Het Satori -onderzoeksteam van Human Security heeft de heropleving van het Badbox -botnet gemeld, nu aangedreven door maximaal een miljoen geïnfecteerde Android -apparaten. Deze variant van de op afstandsbediening bestuurbare Badbox-malware is geïdentificeerd in verschillende off-merk hardware, waaronder goedkope Android-telefoons, verbonden tv-dozen, tablets en digitale projectoren.
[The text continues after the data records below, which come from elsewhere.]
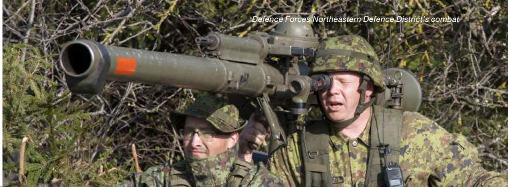
Defence Forces Northeastern Defence District's combat

Territorial defence structure will increase by more than ten light infantry companies and a thousand soldiers. Upgrading the Defence League's infrastructure will be continued to ensure the high level of training of volunteers, develop values-based education, carrying out a patriotic education programme.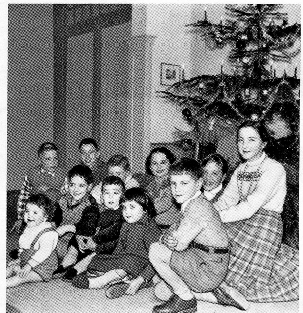
Happy children of Swiss families living abroad are celebrating their first Christmas in their homeland. Glückliche Auslandsschweizer-Kinder erleben im "Home" ihre erste Weihnachtsfeier in der Heimat.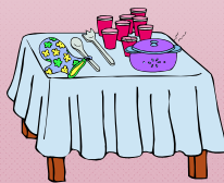
Table services and drinks provided.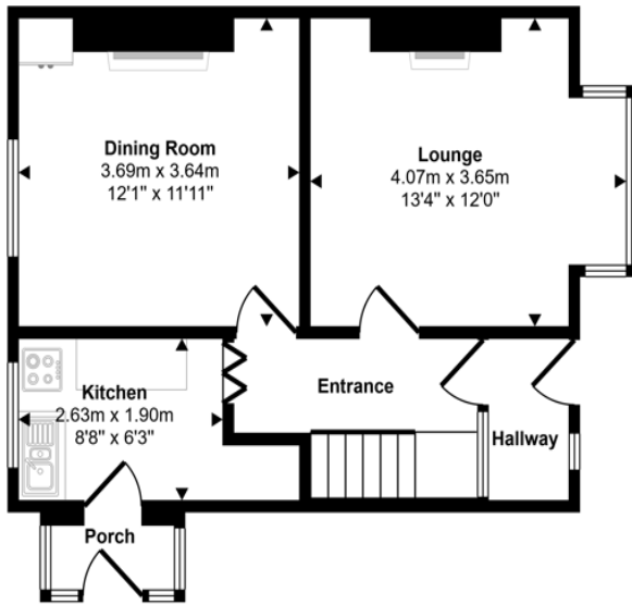
Ground Floor Approx 44 sq m / 476 sq ft

Approx Gross Internal Area 86 sq m / 926 sq ft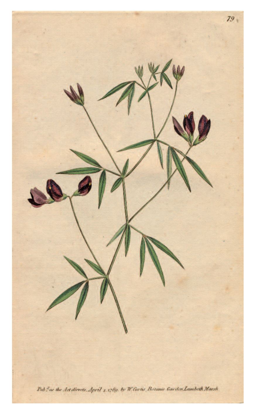
Figure 4.- Coloured engraving of the Cape Verdean endemic Lotus jacobaeus L. (Fabaceae) published by Curtis (1790b). Unknown author.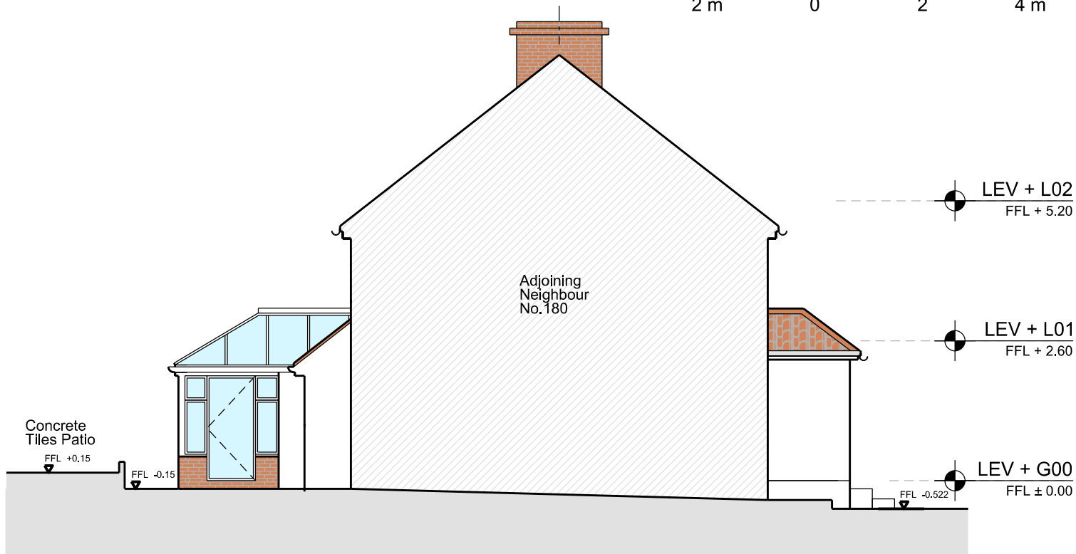
08 SIDE ELEVATION 1:100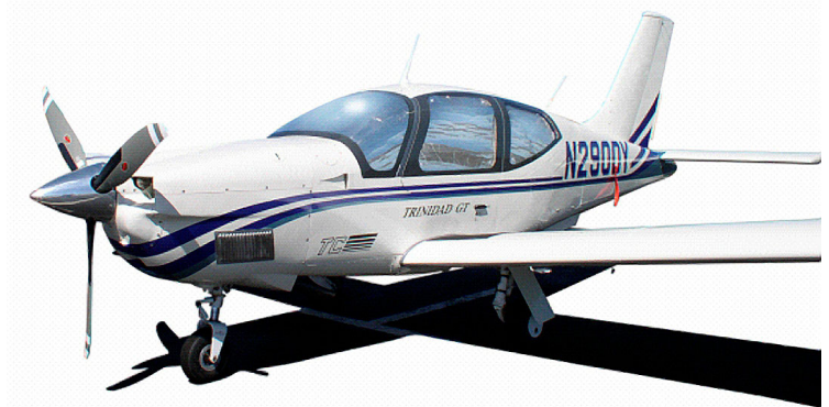
Socata TB20 HeatShields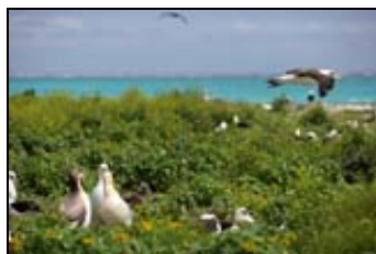
Papahānaumokuākea (United States) - mixed natural and cultural site

In 2005, the National Trust for Historic Preservation named Finca Vigía to its list of 11 Most Endangered Historic Places. Built in 1886 on a hillside near Havana, Finca Vigía or "Lookout Farm" was Ernest Hemingway's home from 1939 to 1960, the period when he wrote For Whom the Bell Tolls , The Old Man and The Sea and the posthumously-published A Moveable Feast and Islands in the Stream . The house has long-chronicled Hemingway's life. The National Trust and the Hemingway Preservation Foundation (now the Finca Vigía Foundation) subsequently assembled a team of architects and engineers to work with their Cuban counterparts to prepare an emergency stabilization and preservation plan for the property. America's 11 Most Endangered Historic Places has identified more than 200 one-of-a-kind historic treasures since 1988. From urban districts to rural landscapes, Native American landmarks to 20th-century sports arenas, entire communities to single buildings, the list spotlights places across America that are threatened by neglect, insufficient funds, inappropriate development, or insensitive public policy.

Badbox Botnet Durft opnieuw op, die wereldwijd een miljoen Android -apparaten infecteren
De eerste uitbraak van Badbox vond plaats in 2023, waarbij off-merk Android-aangedreven tv-apparaten op internet verbonden zijn die deelnamen aan een groot advertentie-fraudeschema genaamd Peachpit, met ongeveer 74.000 apparaten die betrokken zijn bij het eerste cluster. Badbox 2.0 richt zich op apparaten met het Android Open Source Project (AOSP) en heeft zich nu verspreid naar ongeveer een miljoen apparaten in meer dan 220 landen.
Gavin Reid, ciso van menselijke veiligheid, uitgelegd Dat de operators van de Botnet vaak met de supply chain knoeien door goedkope hardware te kopen, het opnieuw te doen en kwaadwillende code in te bedden in firmware of populaire apps, die vervolgens worden verkocht aan consumenten. Meer dan 200 apps die malware bevatten die aan het botnet zijn gekoppeld, zijn ontdekt, voornamelijk gehost in Android-app-winkels van derden, waardoor legitieme applicaties van de Google Play Store vaak worden gerepliceerd om gebruikers te misleiden om ze te downloaden.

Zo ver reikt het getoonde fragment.